Interpretation of Power Analysis Result

The analysis indicates that 4,618 users per group are required to detect a 1% absolute change (MDE = 0.01) in conversion rate with 80% statistical power at a 5% significance level (α = 0.05).

Meaning: - With 4,618 users in each group (control and treatment), there is an 80% chance of detecting a true 1% difference in conversion rate if it actually exists.
- If the experiment has fewer than 4,618 users per group, it may be underpowered, meaning a real effect could go undetected (higher risk of a Type II error).
- If it has more than 4,618 users per group, the test is sufficiently powered or even conservative, increasing confidence in detecting meaningful effects.

In short:
> The campaign experiment needs at least ≈9,236 total users (4,618 per group) to reliably detect a 1% improvement in conversion rate.

Conclusion

The A/B test compared the performance of the new advertisement (ad) against the control public service announcement (psa) on user conversion rate.

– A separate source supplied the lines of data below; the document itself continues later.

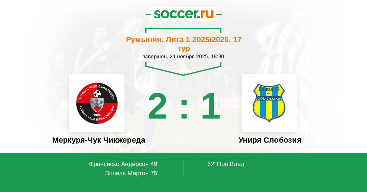 Меркуря-Чук Чикжереда - Униря Слобозия
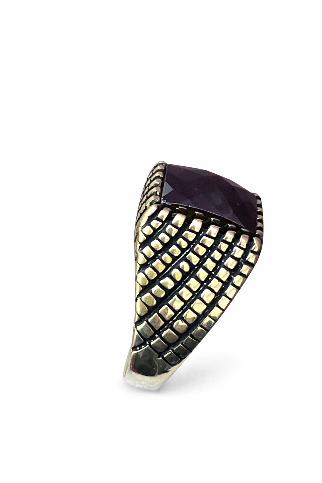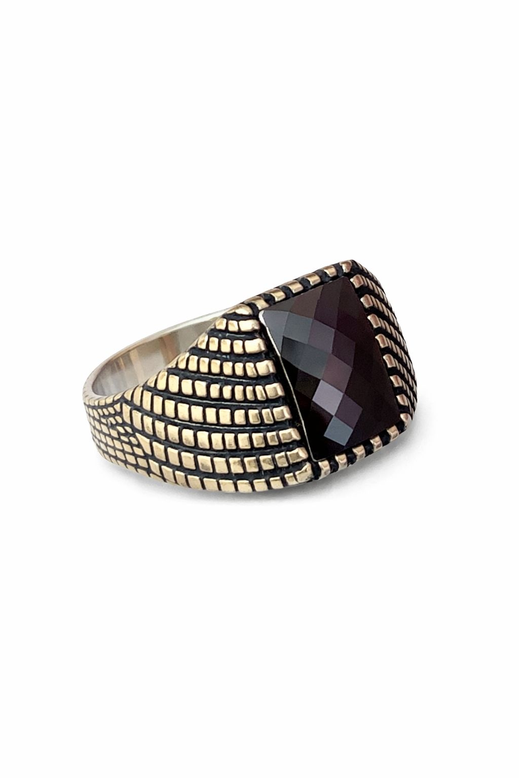 Bu yüzük, kaliteli 925 ayar gümüşten üretilmiştir, bu sayede hem dayanıklı hem de hafif bir yapıya sahiptir. Yüzüğün en dikkat çekici özelliği, faset kesim oniks taşıdır. Bu özel taş, göz alıcı parlaklığı ve derin siyah rengi ile dikkat çekerken, üst yüzeydeki faset kesimler sayesinde ışığı farklı açılardan yansıtır. Bu da yüzüğe eşsiz bir zarafet katmaktadır.
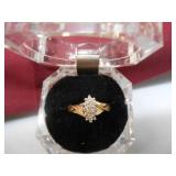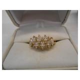 14 kt Gold Ring with Cluster Diamonds in a Marquise Shape, Approx ½ cttw
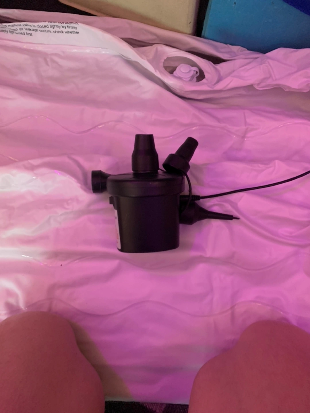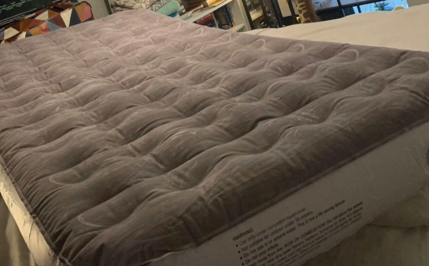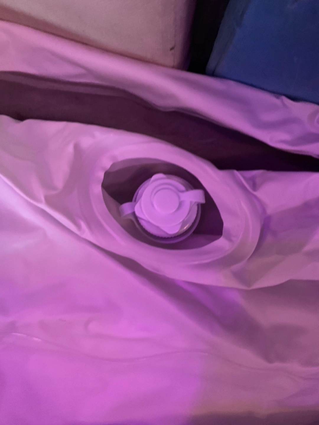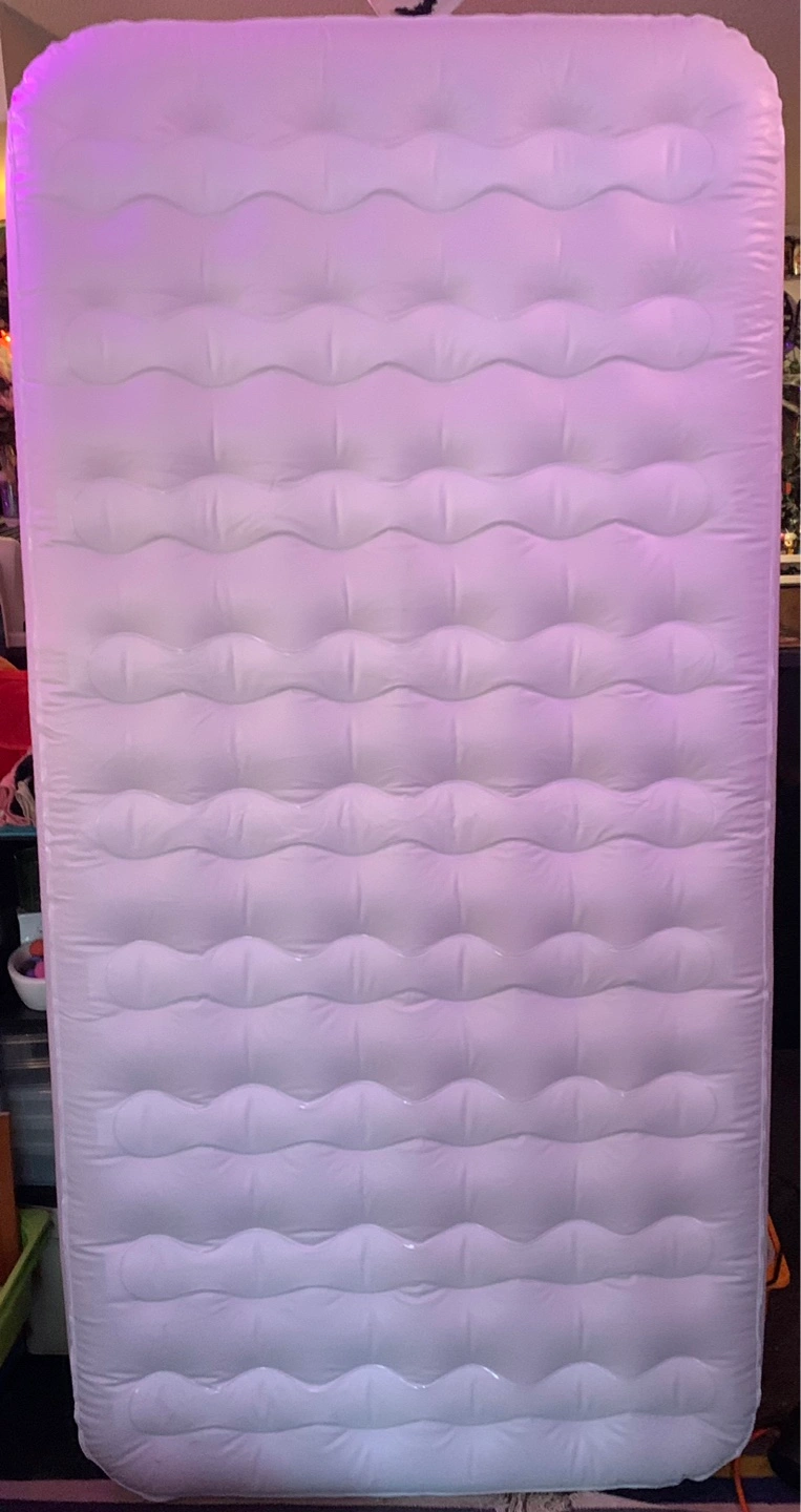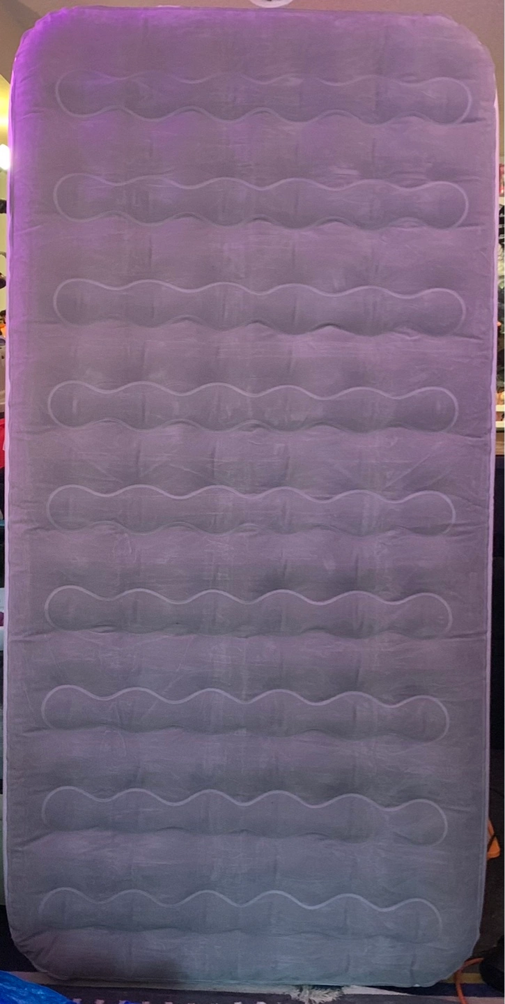 Never used. Inflated once to make sure it didn’t have holes. Flocked top

  • Conversion rate results:

    • Control (psa): 2.55%
    • Treatment (ad): 1.79%
    • Absolute difference (B − A): −0.77%
    • Relative lift: −30.1%
  • Statistical test:
    A two-proportion z-test returned z = 7.37, p = 1.7 × 10⁻¹³, with a 95% CI = [−0.0094, −0.0060], indicating a statistically significant difference at α = 0.05.
    Since the difference is negative, the campaign reduced the conversion rate relative to the control.

  • Practical impact:
    While statistically significant, the effect is unfavorable — the treatment ad underperformed the control group by roughly 0.77 percentage points, a 30% relative decrease in conversions.

  • Power analysis:
    The experiment would need approximately 4,618 users per group to detect a 1% absolute change with 80% power at α = 0.05. The current sample exceeds this requirement, making the result reliable.

Overall:
The advertisement (Group B) performed significantly worse than the control (Group A) in terms of conversions.
Recommendation — retain the control creative and re-evaluate campaign content before rollout.